Dr. King School becomes first RSD charter to seek return to School Board oversight _lowres

Photo provided by GoogleMaps -- Dr. King Charter School

Friends of King Schools made history Tuesday by becoming the first Recovery School District charter school board to seek to return a campus to the oversight of the Orleans Parish School Board.

The King board opted to leave a system built on choice, the all-charter RSD, by exercising its right to choose a different oversight board.

The vote to return Dr. King Charter School to the School Board was unanimous, said Orleans Parish School Board member Ira Thomas, who was in attendance. Thomas represents the district that includes King.

The transfer still needs to be approved by the state and parish school boards.

As the RSD’s name suggests, it was originally intended to be only a temporary steward of the city’s worst-performing schools, a turnaround agency that took over most of the city’s public schools after Hurricane Katrina but would eventually hand control back to the elected local board once those schools had “recovered” from decades of substandard test scores and high dropout rates. However, until now, none of the eligible schools elected to make the switch.

Tuesday’s vote marked a reversal of the King board’s November decision to keep the school with the RSD for the 2015-16 school year.

Friends of King runs two charter schools: Dr. King Charter School and Joseph A. Craig Charter School.

King was eligible to return to the auspices of the elected local board because it has had two years of school scores above the acceptable limit.

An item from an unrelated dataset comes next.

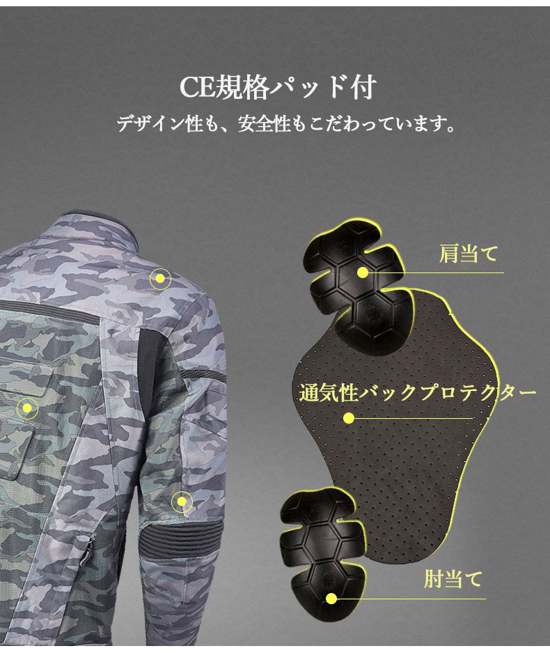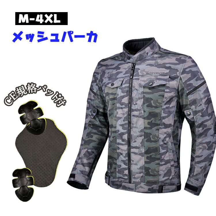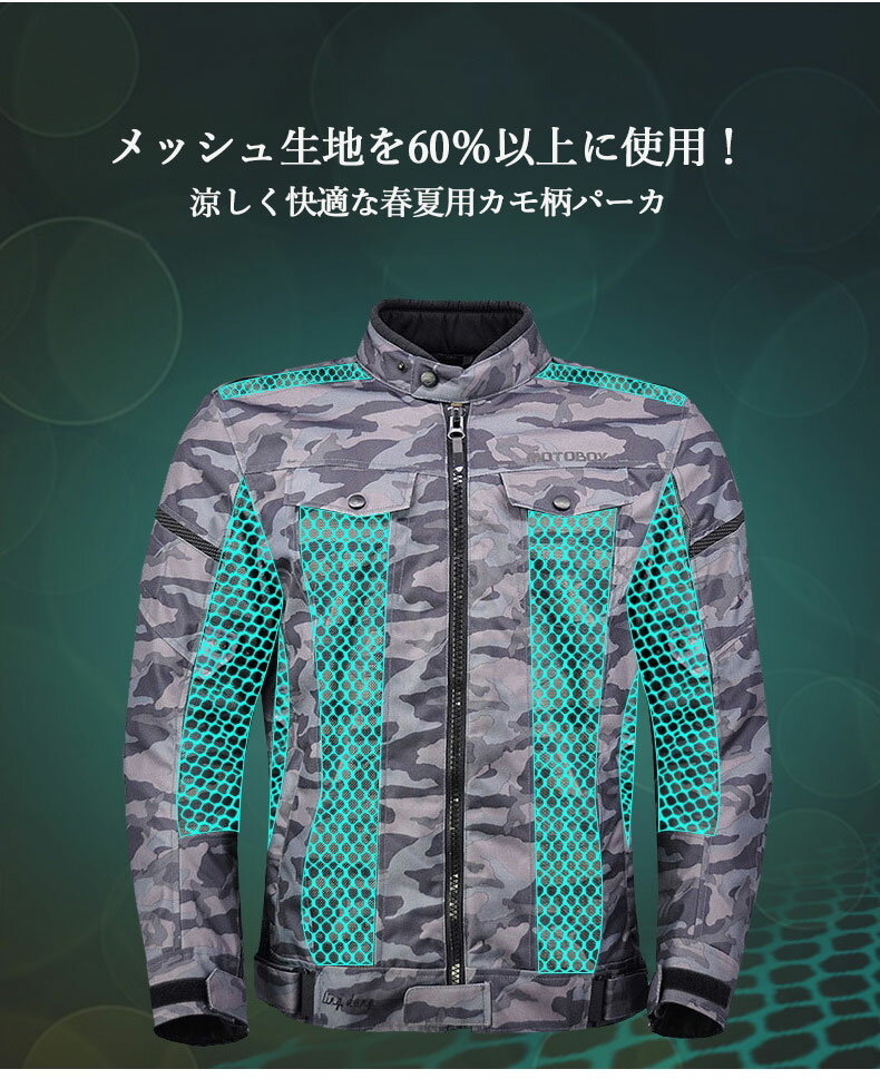 MOTOBOY 夏用 カモ柄 パーカ バイクウェア プロテクター付き 大きいサイズあり ライディングウェア オフロード オートバイ ジャケット 迷彩グラフィック 内ポケット ツーリング 通気性 メッシュ 肘/肩/背中

Friends of King will still control the day-to-day operations of each school and set their overall policies, but general oversight will be split between the RSD for Craig and the OPSB for King.

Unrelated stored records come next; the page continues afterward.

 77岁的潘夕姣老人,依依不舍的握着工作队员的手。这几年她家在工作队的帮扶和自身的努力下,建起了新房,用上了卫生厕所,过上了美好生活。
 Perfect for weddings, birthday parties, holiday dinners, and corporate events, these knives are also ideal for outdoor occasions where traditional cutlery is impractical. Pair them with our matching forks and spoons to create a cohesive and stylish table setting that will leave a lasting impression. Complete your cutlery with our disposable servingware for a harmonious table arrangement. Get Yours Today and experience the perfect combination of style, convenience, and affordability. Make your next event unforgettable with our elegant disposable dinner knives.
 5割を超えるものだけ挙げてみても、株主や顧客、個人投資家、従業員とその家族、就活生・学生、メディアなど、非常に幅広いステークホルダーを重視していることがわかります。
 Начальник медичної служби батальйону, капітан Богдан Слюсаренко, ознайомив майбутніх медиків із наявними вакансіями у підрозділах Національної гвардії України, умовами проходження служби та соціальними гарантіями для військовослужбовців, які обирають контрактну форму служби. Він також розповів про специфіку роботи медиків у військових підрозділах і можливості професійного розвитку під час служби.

The change of heart was perhaps spurred in part by the RSD’s recent recommendation to renew the school’s charter for only five years, two short of the maximum. That recommendation came after Friends of King was issued a formal notice of breach of contract due to a complaint regarding its compliance with the city’s centralized enrollment system, OneApp, according to nola.com.

The official scolding from the RSD came just weeks after the King board initially voted to stay with the state-run recovery district.

Thomas said he was happy to see a school begin the transition back to Orleans Parish oversight.

“It marks the beginning of the reunification of our school district to a single system,” he said. “I’m hopeful that other schools will follow their lead and continue this process of reuniting our school district.”

Of 36 charter schools eligible this year to return to OPSB auspices because of academic improvement, King is the first to decide to head back. A handful of boards have yet to vote on the matter.

Thomas said he thinks King CEO Doris Hicks’ leadership is second to none, and that the confidence the board has in her made the unanimous vote possible.

The RSD released a statement in which it congratulated the King board, staff and families on the school’s academic improvement, but it also acknowledged the enrollment issue, which was the topic of the notice of breach of contract.

“We expect that under the governance of the Orleans Parish School Board, Dr. Martin Luther King Jr. Charter School will continue to open its doors to all students of all backgrounds and all needs,” the RSD statement said.

Friends of King has until Jan. 5 to notify the state of its decision. The Board of Elementary and Secondary Education will consider the request at a mid-January meeting.

Should the OPSB accept the transfer, it would occur on July 1.